Published in final edited form as: Ann Neurol. 2023 Sep 14;94(6):1048–1066. doi: 10.1002/ana.26770

Fig. 5.

Fig. 5.

Microglia in white matter lesions sustain DNA damage. (A) Low power view of Iba1+ microglia (blue) stained for DNA double strand breaks with phospho-histone H2A.X (H2A, green). Inset and orthogonal views of a microglia cell with scattered H2A staining consistent with a low level of DNA damage. Scale bars, 30 μm. (B) Detail and orthogonal views of a typical Iba1+ (blue) FTL+ (red) DM with truncated and shrunken processes and intense H2A labeling (arrowheads) consistent with a high level of DNA damage.
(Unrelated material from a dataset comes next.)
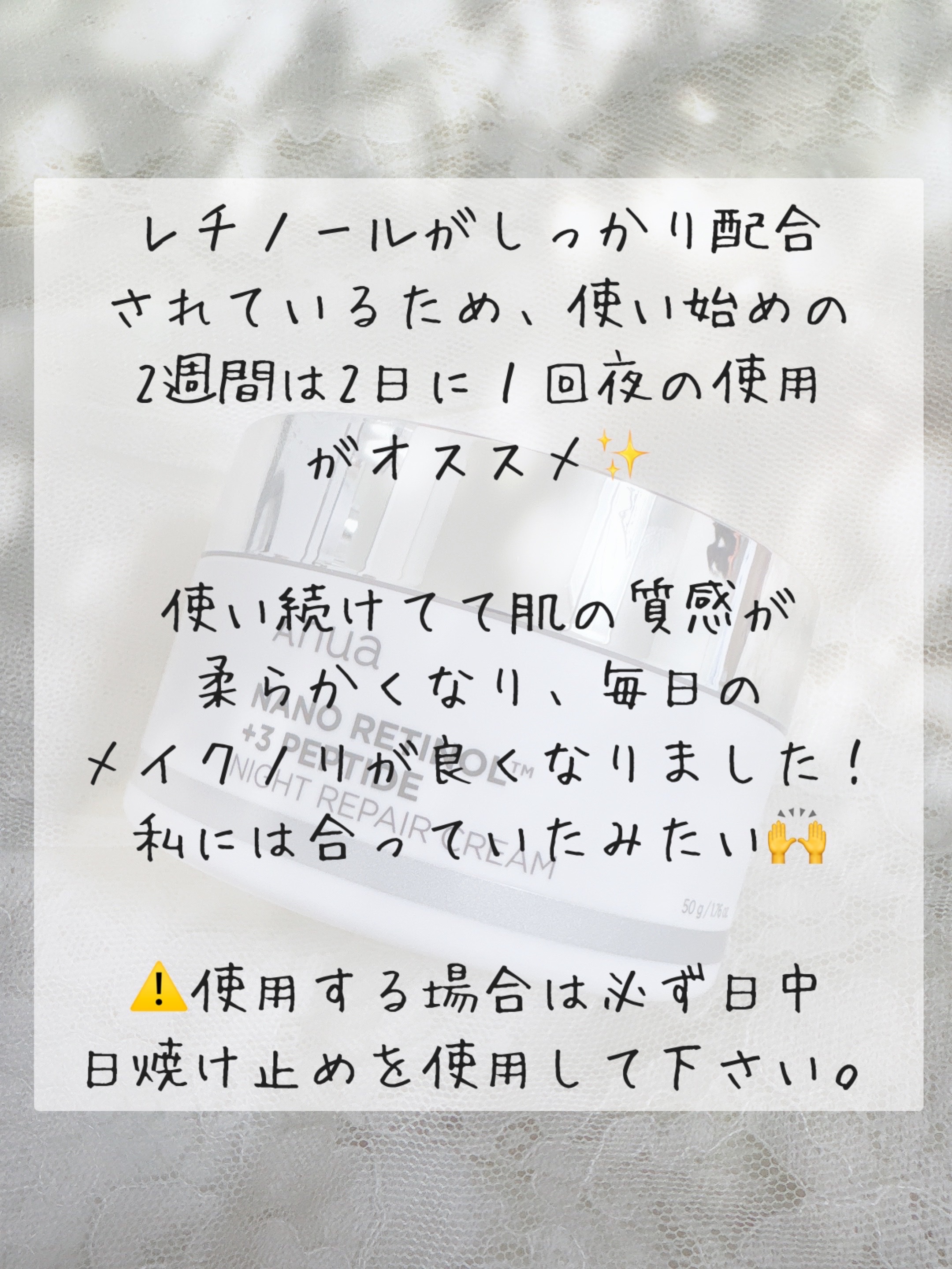 ★1ヶ月使用レビュー★Anuaレチノール3ペプチドナイトリペアクリーム暗い印象の肌を健やかハリケア★Anua独自の技術を採用したAnuaレチノール★やさしい使い心地に導くツボクサエキスをはじめとした整肌成分配合★うるおいを逃さないしっとり保湿...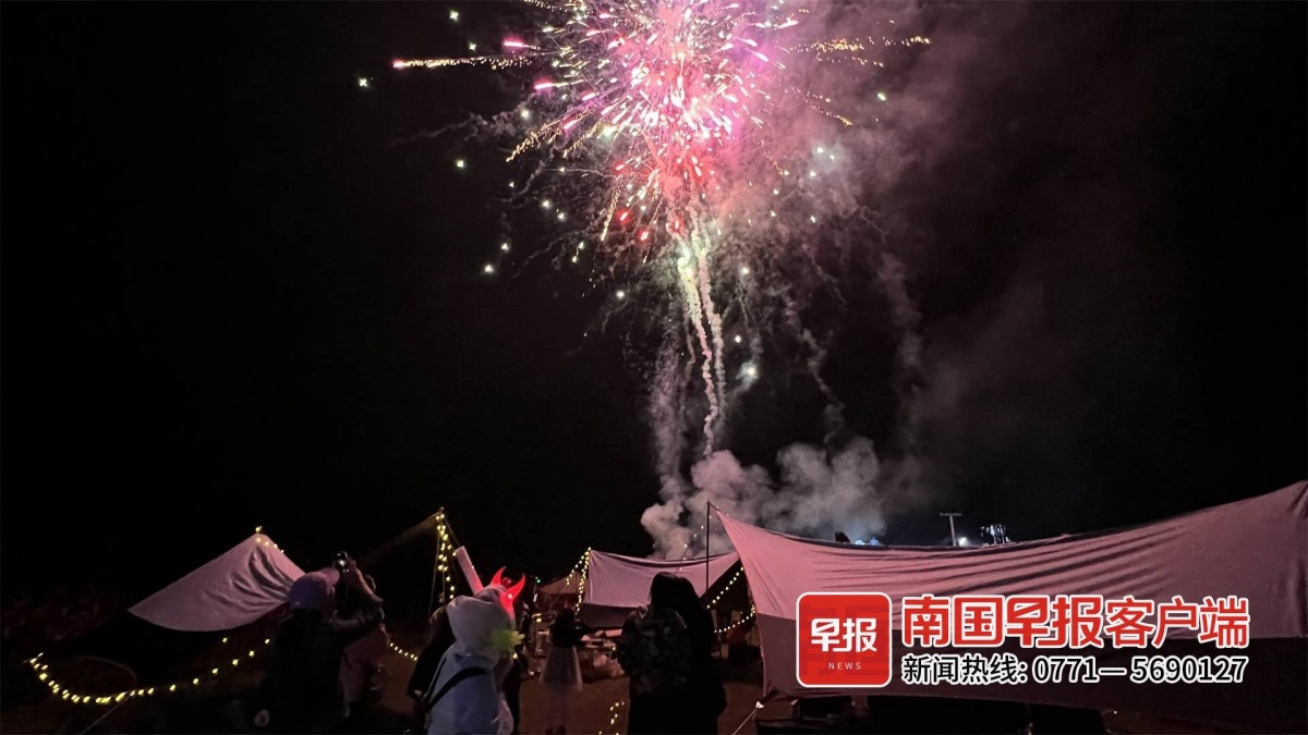 ▲游客在观看烟火。景区供图

Scale bars, 30 μm. (C) Low power view of a lesion with several reactive astrocytes (GFAP+, red). Orthogonal views of two cells (dashed boxes) with H2A labeling (green) and DAPI (blue). Scale bars, 30 μm. (D) The density and percentage of DM in white matter lesions was significantly higher than nondegenerative microglia (-DM). (E) The density and percentage of microglia that stained for DNA damage with H2A in white matter lesions was significantly higher for DM compared to nondegenerative microglia (-DM). Because there were no significant differences between CMI and nCMI cases, data was analyzed as the full cohort of 17 cases in D and E. Student’s t-test; ***p< 0.001; ****p<0.0001 in D and E.